Ein großes Lob verdient nicht nur die Musik, sondern außerdem die äußerliche Gestaltung der CD. Diese wurde von Joachim Luetke, der bereits DIMMU BORGIR und MARILYN MANSON gestalterisch beglückte, entworfen, und bietet einen unumstößlichen Grund, sich das Album lieber zu kaufen anstatt herunterzuladen. Verpackt in einem schmucken Pappkästchen findet man neben der CD selbst ein detailverliebtes Panorama-Bild und eine ganze Ansammlung von Zetteln.
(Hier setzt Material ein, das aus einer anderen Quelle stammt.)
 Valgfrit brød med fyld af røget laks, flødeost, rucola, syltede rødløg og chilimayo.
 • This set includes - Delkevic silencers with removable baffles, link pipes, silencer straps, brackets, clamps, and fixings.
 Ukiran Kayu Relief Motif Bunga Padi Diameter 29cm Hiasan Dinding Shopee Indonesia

Diese Zettelwirtschaft entpuppt sich als Booklet-Ersatz, denn auf ihnen sind die Texte des Albums zu finden: elf Lieder, elf Zettel, also elf Briefe an den geheimnisvollen Fremden. Eine tolle Idee, die das ohnehin schon überzeugende Album noch zusätzlich aufwertet.
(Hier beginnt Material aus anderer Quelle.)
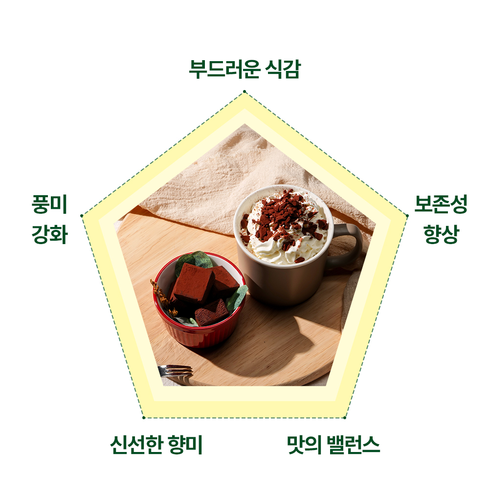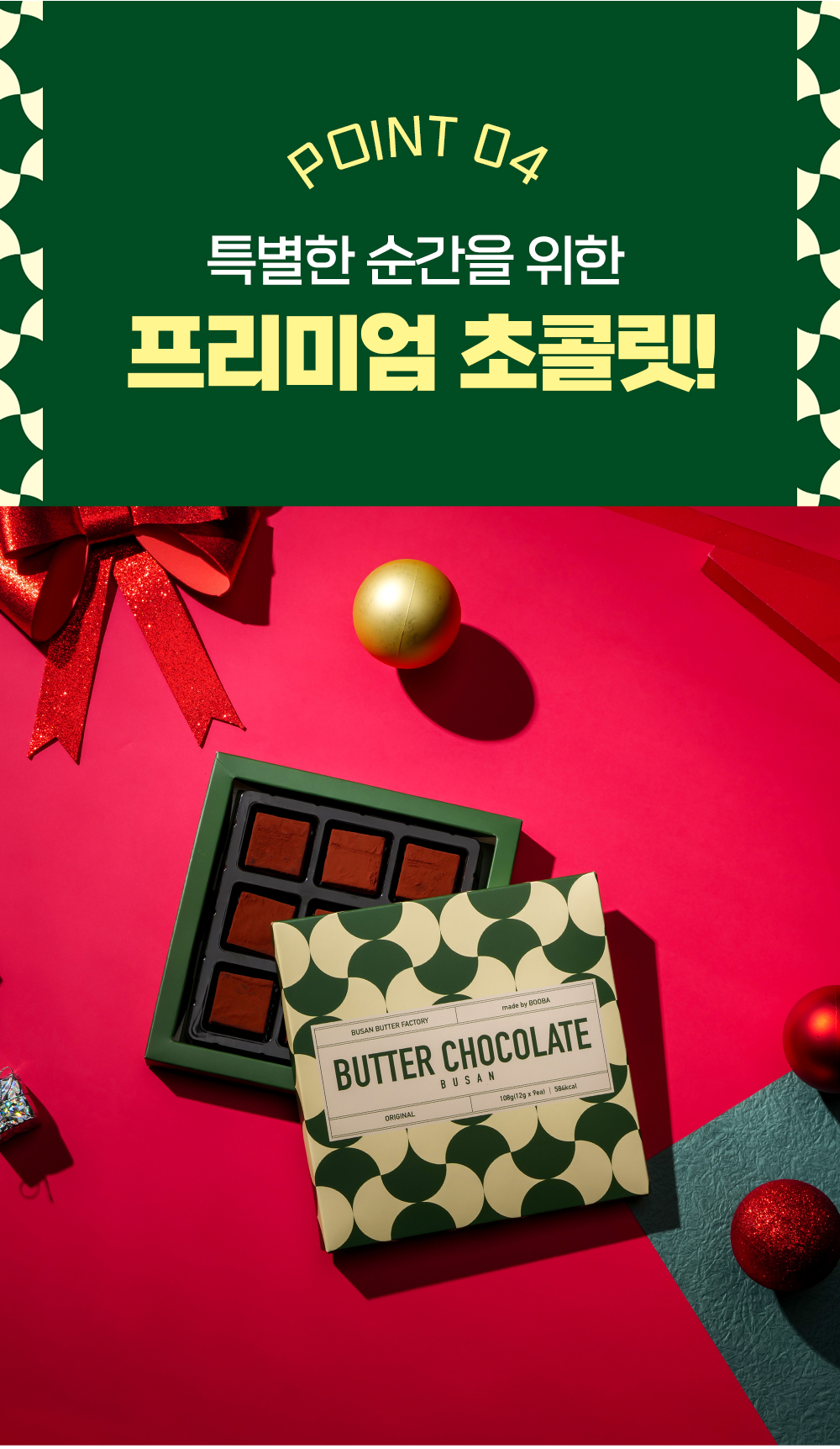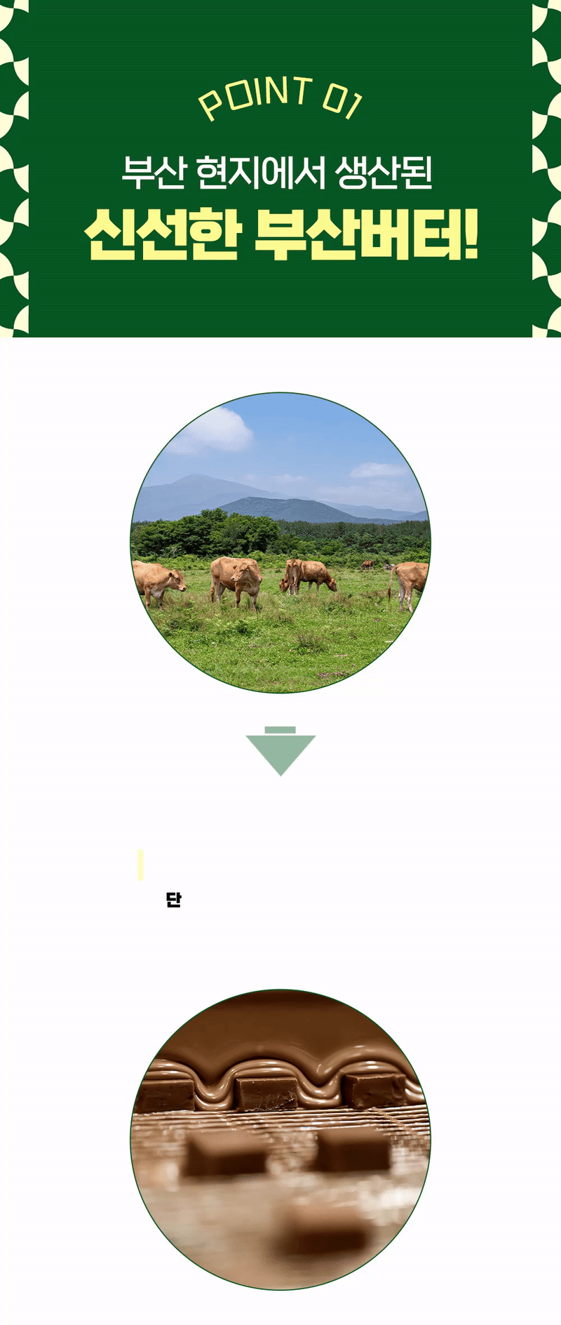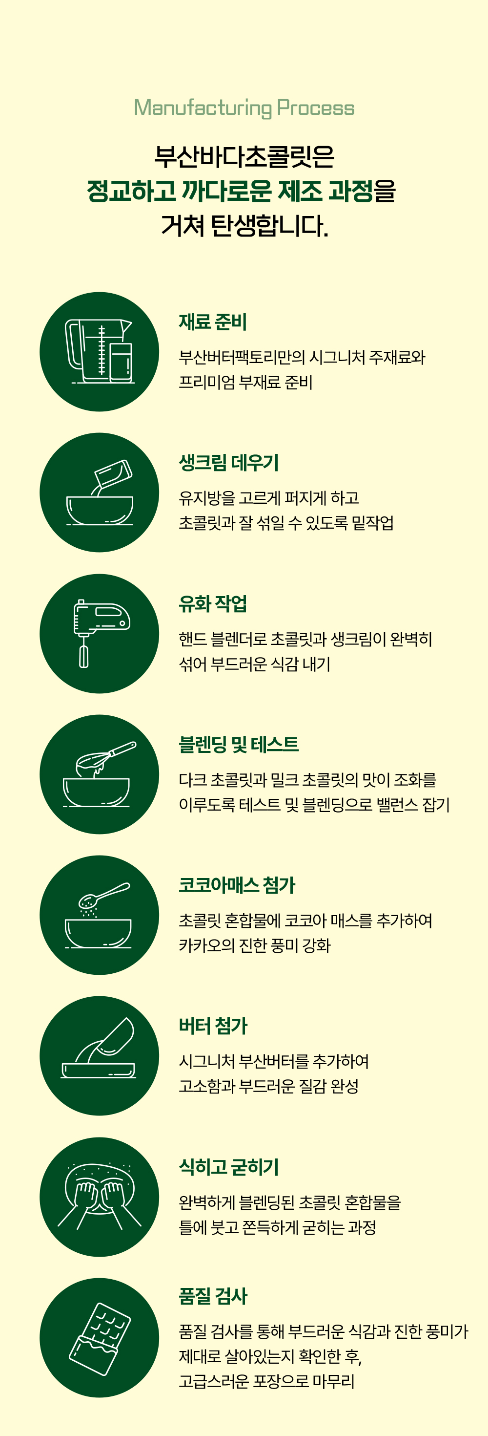 A. 부산우유로 만든 신선한 버터는 초콜릿의 고소한 풍미를 한층 더 돋보이게 하며, 더욱 부드러운 식감을 제공합니다.

Zugegeben, man muss schon ein Faible für ruhige und klassische Töne haben, um das neue PERSEPHONE Werk wirklich genießen zu können. Bei wem eine solche Ader aber vorhanden ist, dem wird bei "Letters To A Stranger" das Herz aufgehen, denn ein emotionales Hörerlebnis diesen Kalibers bekommt man sonst nur selten aufgetischt. Trotz des Konzeppts der Briefe, beinhaltet der Silberling elf Stücke, die auch einzeln genossen werden können ohne zu sehr aus dem Kontext gerissen zu wirken. Sonja und Martin haben sich mit diesem Werk selbst übertroffen und ein kleines Meisterwerk kreieren können. Ein perfektes Album für die kalten Herbsttage und -abende, die man am besten mit einem Glas Rotwein vor dem Kamin (okay, vor der Heizung) verbringt.